Among the organizations he created are:
 He founded a yeshiva named Ahavat Shalom in the early 1970s, at which he began his daily classes in Kabbalah. Ahavat Shalom is the third biggest Yeshivah in the world, after Lakewood's and Mir.
 Used his (British) English-speaking background from his education at Gateshead to facilitate his Kiruv work.
 Founded a girl's seminary, Bnos Elisheva, in 2002.

Personal
He had 19 children. Prior to marrying, he was an artist, hence the title of Kol Hazman's biography: From Artist/Painter to Genius Kabbalist."

Works
Many of the titles that use the word Yam ( or י"ם) refer to Hillel's initials, Yud Mem (for Yaakov Moshe). Similarly, HaYam adds the letter Hay (ה), for Hillel.

His books are:

 (5754) VaYaShav HaYam - She'elot U'Teshuvot (3 volume set; volume 3: 5772) - Volume 1 is about practical yet technical aspects of writing Torah scrolls and Tefillin. 
 (5772) VaYaShav HaYam (Volume 3) - She'elot U'Teshuvot - Practical aspects, foundational issues, Shulchan Aruch (Code of Jewish Law)
 (5760) HaVayn BeChochma (understand with wisdom) - (3 volumes) Articles and Notes on Kabbalah Theory and Intention of the Rash
 (5765) Aid HaGaL HaZeh - about Lag BaOmer and Rashbi (Rabbi Shimon bar YoChai)
 (5768) Aspaklariya DeNahara  - Annotation on the Preface of the River Streets of the Rash.  Contains two commentaries: one called "Nahara uPashta" and the other named "MayAmKay HaYam."
 (5771) GeVurot Ha-Ari - Answers and Articles on resolving halachic and Kabalistic disputes
 (5772) GaLay HaYam - about the morning prayers in the synagogue (and praying with devotion)
 (5772) Sefat HaYam () - a seven volume set:
 Sefat HaYam:  Rosh HaShanah,Sukkot & Shavuot
 Sefat HaYam: Sefirat HaOmer
 Sefat HaYam: Seuda & Birkat HaNeHeNin
 Topics of the other four volumes include ShoVaVim, Chanukah and Purim.

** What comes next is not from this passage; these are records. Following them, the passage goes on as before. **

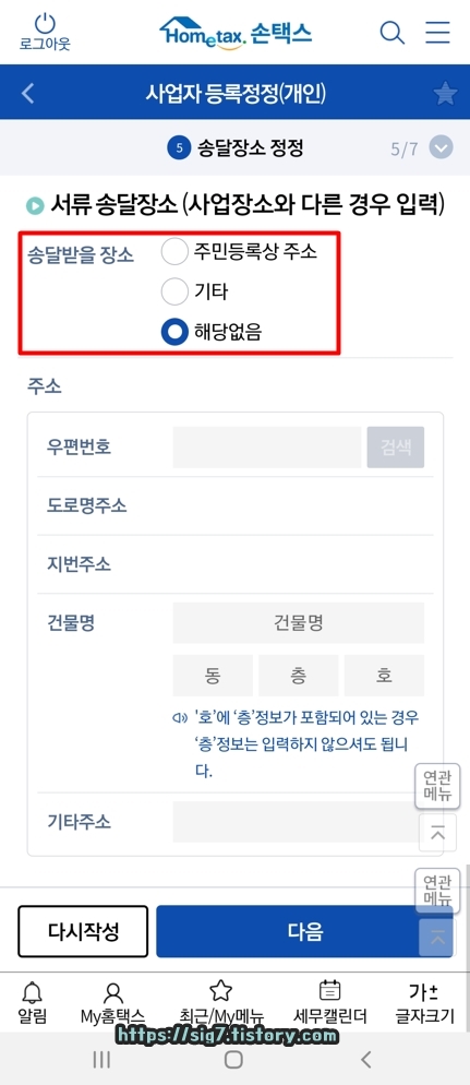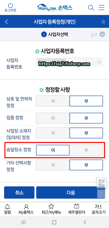사업자 등록번호 선택 후, 정정할 사항을 체크해줍니다. 저는 이사 및 전입 신고로 인해 주소지만 변경되었기 때문에 '송달장소 정정'에서 '여'를 선택했습니다. 정정할 사항 선택이 끝났다면, 아래에 보이는 다음 버튼을 눌러줍니다.
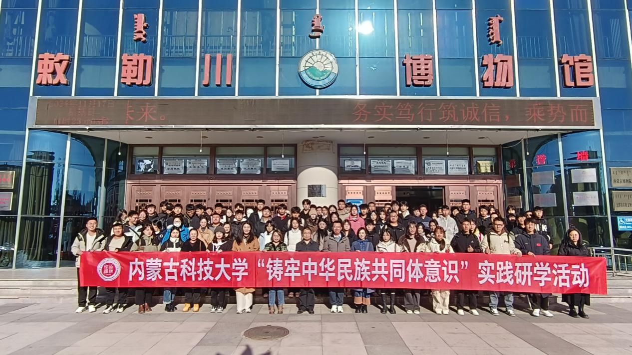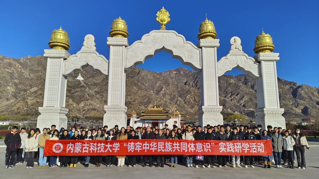 为深入开展铸牢中华民族共同体意识“行走的大思政课”实践教学活动,推动思政教育与社会实践深度融合,充分利用包头地区丰富的红色资源和文化资源,太阳成集团tyc122ccvip“铸牢中华民族共同体意识”教研室于2024年11月17日赴包头市土右旗美岱召乌兰夫早期革命活动旧址、敕勒川博物馆和八路军大青山支队司令部纪念馆开展了现场实践教学。由太阳成集团tyc122ccvip副经理杨德桥、教研室主任冯大彪及部分任课教师带队,共80余名同学参加了此次实践教学活动。
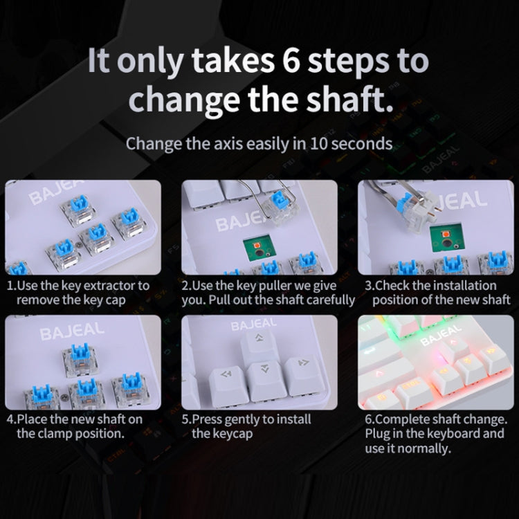 Rynx | BAJEAL K100 87 Keys Green Shaft Wired Mechanical Keyboard, Cable length: 1.6m (Blue White)
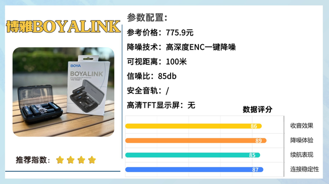 纽扣机身,极致迷你,AI降噪,续航偏短。博雅BOYALINK发射器如纽扣大小,重量仅5g,可贴肤佩戴,完全隐藏,适配各类穿搭出镜。搭载微型高灵敏咪头,支持48kHz/16bit采样,人声清晰,基础AI降噪可过滤室内底噪和户外轻微杂音,精准识别人声。2.4GHz迷你无线传输,无遮挡80米,抗干扰性适中,开机自动配对,接收器即插即用,兼容手机、相机。单发射器续航5小时,充电盒补能后总续航15小时,支持快充,便携性拉满。短板是续航偏短,不适合长时拍摄,强噪音环境降噪效果有限,无内置存储,仅支持单发一收,机身易丢失。适合颜值博主、轻量创作者,用于美妆Vlog、日常随拍、短时长直播等。
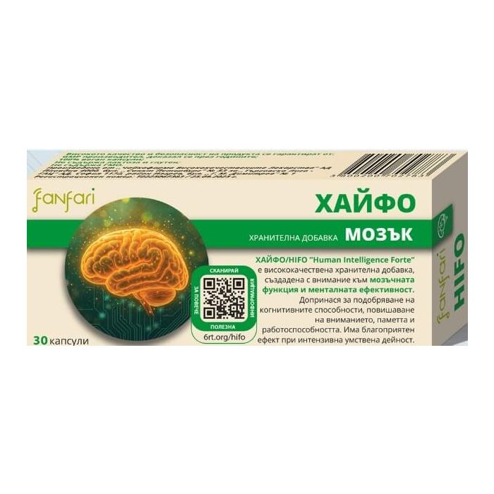 Хайфо е висококачествена хранителна добавка под формата на твърди растителни капсули, създадена да подпомага нормалната мозъчна функция и ментална ефективност. Допринася за подобряване на когнитивните способности, повишаване на вниманието, паметта и работоспособността. Има благоприятен ефект при интензивна умствена дейност.

 (5777) Ruach HaYam - assorted conversations and articles (22 chapters): Kiruv, Peter Chamor, laws dealing with a new Sefer Torah, the mitzvah of Torah study, preventing desecration of graves, proper inspection of Torah scrolls & Tefillin.
 Ruach HaYam - Hespedim (eulogies): a same-year publication of Divrei Hesped for Rav Shach, Rav Elyashiv, and 11 others. Also has 4 more chapters done in honor/in memory of.
 (5778) Pe'At HaYam al Shaar HaKaVaNot - writings about Passover, the counting of the Omer, and Shavuot.
 (57xx) PeTach Shaar HaShamayim & Binyan Ariel - about studying Kabbalah (who should, how, when)
 (57xx/74) Shorshei HaYam at Etz Chaim (5 volumes) - teachings based on Chaim Vital's Etz Chaim.

English
 Faith and Folly: The Occult in Torah Perspective was originally published in Hebrew as Tamim Tiheyeh ().
 Ascending Jacob's Ladder - a collection of essays on basic Jewish topics (Shabbat/Holidays, Prayers, Torah study), based on "Midrash, Mussar, and Kabbalah."
 Roni Akarah: A Guide for the Childless
 (EDITOR) The Ben Ish Hai: The Life and Legacy of Rabbi Yosef Hayym
 Ascending The Path (5 Vol.) on Mesillat Yesharim.  It clarifies and defines the relevance of the Mesillat Yesharim to our daily lives and includes many new concepts and explanations to aid the reader's progress along the path of the just.

Manuscripts/editing
He also edited works, based on existing manuscripts, on various Halachic topics:
 Bein ZroOs Olam () - regarding positioning of a bed 
 Oter Yisroel BeSifAra () - regarding Rashi and Rabbeinu Tam's Tefillin; whether they may both be worn simultaneously.
 VaYaTzetz Tzitz () - Kabbalistic view on having the fringes of the "minor" Talis (Arba Kanfot/Talis Katan) should be visible.
 Yismach Moshe () - regarding laws of mourning.

Publisher
Hillel oversees publication of works published by his yeshiva, including Rabbi Eliyahu Eliezer Dessler's novellae on the Talmud,  with an introduction written by Hillel.

Controversy
In an article about Hillel's 3 volume set "Kitvuni LeDorot" Yosef Avivi (he) alleged that large parts of the book were plagiarized from Avivi's book Binyan Ariel'', not to be confused with Hillel's book of the same name.

MeKavTsiel magazine
His teachings are also published in MeKavTsiel magazine.

Darchei link
As a Sephardic sage, he has been visiting Yeshiva Darchei Torah (Far Rockaway) since 2004.

Additional reading
The Boundaries of the Kabbalah: R. Yaakov Moshe Hillel and the Kabbalah in Jerusalem - Jonatan Meir

References

External links
 photo of Rabbi Yaakov Moshe Hillel (Hebrew Wikipedia)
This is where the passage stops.